Preparing For The Championship

The 2006 FIRST Robotics Competition Chamipnship is this week. I leave tomorrow, Wednesday the 26th of April, at 1:30pm for Atlanta, Georgia, where the competition is being held. This means I am missing almost three entire days of class (I’ll make my one Wednesday Morning class). Unfortunately, this is pretty much the worst time ever for me to be gone, as I am also gone during two scheduled midterms, a three-hour lab, two three homework deadlines, the Engineering Open house, and a Men’s frisbee game. So I have been hard at work getting everything that I can done before I leave. One midterm I’m taking early, sandwhiched between my Wednesday morning class and my drive down to the airport (thanks, Mom!).

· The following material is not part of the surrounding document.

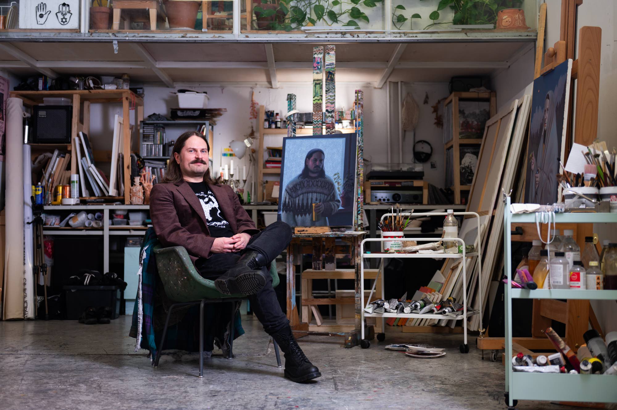 – Leikittelen omakuvissani minuudellani ja kaivan esiin erilaisia versioita itsestäni. Millainen olen? Millainen voisin olla? Yhdessä maalauksessa olen ”sad boy prince” ja toisessa tyrmää vartioiva ”goblin”. Maalaaminen on minulle meditatiivista toimintaa, ja mietin teoksia työstäessäni paljon omia mielenliikkeitäni.

The other midterm I’m taking as soon as I get back, which is the same day as a third midterm, which I am missing the review session for. The homeworks I’ll be turning in tomorrow — although I have yet to finish two of them! Fortunately, Microvision remains very flexible with me and I have tomorrow off (usually an 8-10 hour day) so I can get all of my stuff done for this trip. Speaking of tomorrow, since I’ll be missing my bioengineering lab on Thursday, I’m helping set of for this week’s lab tomorrow mornign. Oh, I’ll also be writing the report for last week’s lab sometime tomorrow or wednesday, and I’ll probablly submit it electronically from Atlanta.

Fun times.

FRC CMP 2006

I have successfully cleared my school schedule and purchased (expensive!) tickets, so I will be headed to Atlanta for the 2006 FIRST Robotics Competition Championship. You heard it here first.